Phytase, NSP-ase & Protease in Poultry Feed Formulation: Digestibility Coefficients and FCR Improvements

The economic efficiency of poultry production is substantially determined by feed conversion ratio (FCR) and feed cost — the two variables most directly influenced by the nutritional quality of the diet and the efficiency with which nutrients are utilised by the bird. Plant-based poultry diets contain significant quantities of anti-nutritive factors that impair nutrient availability: phytate binds phosphorus and mineral cations; non-starch polysaccharides (NSP) create viscous intestinal contents; and protease inhibitors and fibrous structures limit protein digestion.

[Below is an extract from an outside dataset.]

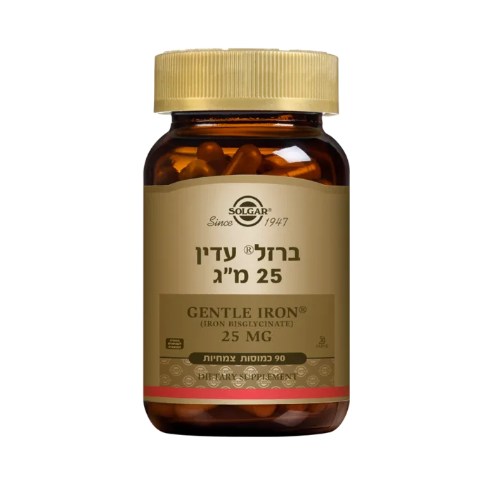 ברזל עדין של חברת סולגאר הוא אחד מתוספי הברזל הפופולריים והיעילים ביותר כיום, במיוחד עבור מי שמתקשה עם תוספים סטנדרטיים שגורמים לתופעות לוואי במערכת העיכול. המוצר מבית חברת Solgar האמריקאית הוותיקה והאמינה מציע פורמולה מתקדמת מסוג Iron Bisglycinate – צורת ברזל קלת עיכול הנספגת היטב בגוף מבלי לגרום לגירויים בקיבה.
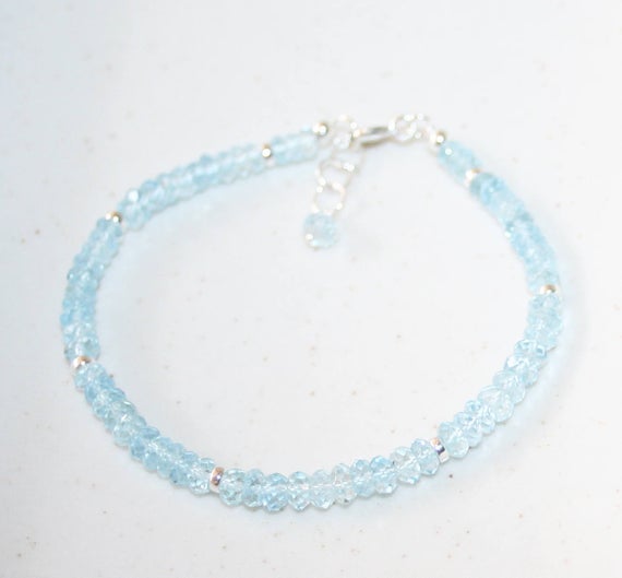 At a Great Price925 sterling Silver chakras simple Silver Helling 4mm stacking Aqua Natural Aquamarine Bracelet Rondelle, Faceted 7" for mens, womens.

Three enzyme classes address these limitations directly: phytase, which releases phytate-bound phosphorus and reduces anti-nutritive phytate effects; NSP-ases, which degrade arabinoxylan, beta-glucan, and other polysaccharide anti-nutritive factors; and exogenous protease, which enhances amino acid release from plant protein sources. Together, they constitute the core of the modern multi-enzyme feed supplement strategy. Infinita Biotech manufactures animal feed enzymes covering all three classes for poultry and other monogastric nutrition applications.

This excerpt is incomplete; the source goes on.